During the first day of my class in MATH331, Professor Smith asked the class a very basic question, "What are waves?", and hell know what waves are. Waves are just wave, what else do you need to define??
And after the whole semester of doing the subject, until today, just now, actually I could feel what waves are (and furthermore, know what is it), and it was a critical one!
This was happened like 30 minutes ago, when I trying to cross the road, where the traffic light just turns green, and I just try to walk faster, and I saw a couple, who were holding hand and crossing the road from the other side, and for hell, I thought that was her, but just turns out that's not her.

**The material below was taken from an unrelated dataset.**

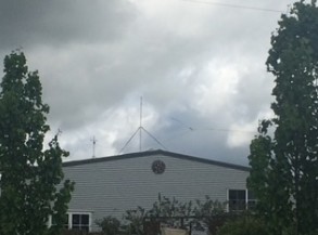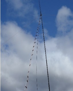 • Mid-way through the QSO my power dropped to about 10 Watts – it started raining here and the rope supporting the (would you believe) 300 Ohm TV ribbon (the temporary feeder I put up 10 months ago – awaiting a proper balanced line to be built) started conducting; after much re-tuning of my T-match, I was able to produce 50 Watts as expected again

I should be glad that wasn't her, but GOD DAMN, I thought I have gave up her already, but it turns out that in the deep of my heart, the deep deep side of my heart, she is still there!!!
At that moment, it is like a high frequency of shock wave, shot right through my heart, I can feel the wave so deeply!!! I was actually so hurt when I thought that was her, and I feel so safe when I realize that I was wrong....and actually I do feel hate about this kind of feeling!
Some of my friend told me, that she already got a good boyfriend, and I know that I have no more hope left, even from the beginning, that's why I give up!!! However, why the hell I still feel hurt when I thought they both appear in front of me!
For the reason, I do feel lost about this....I thought I have gave up, I thought I will never meet her again.....I thought I will not care about this anymore...but after today, I think I must leave as soon as possible....
I worry that someday, if I happen to meet them, I will cry.... (oh, please don't let this happen!!)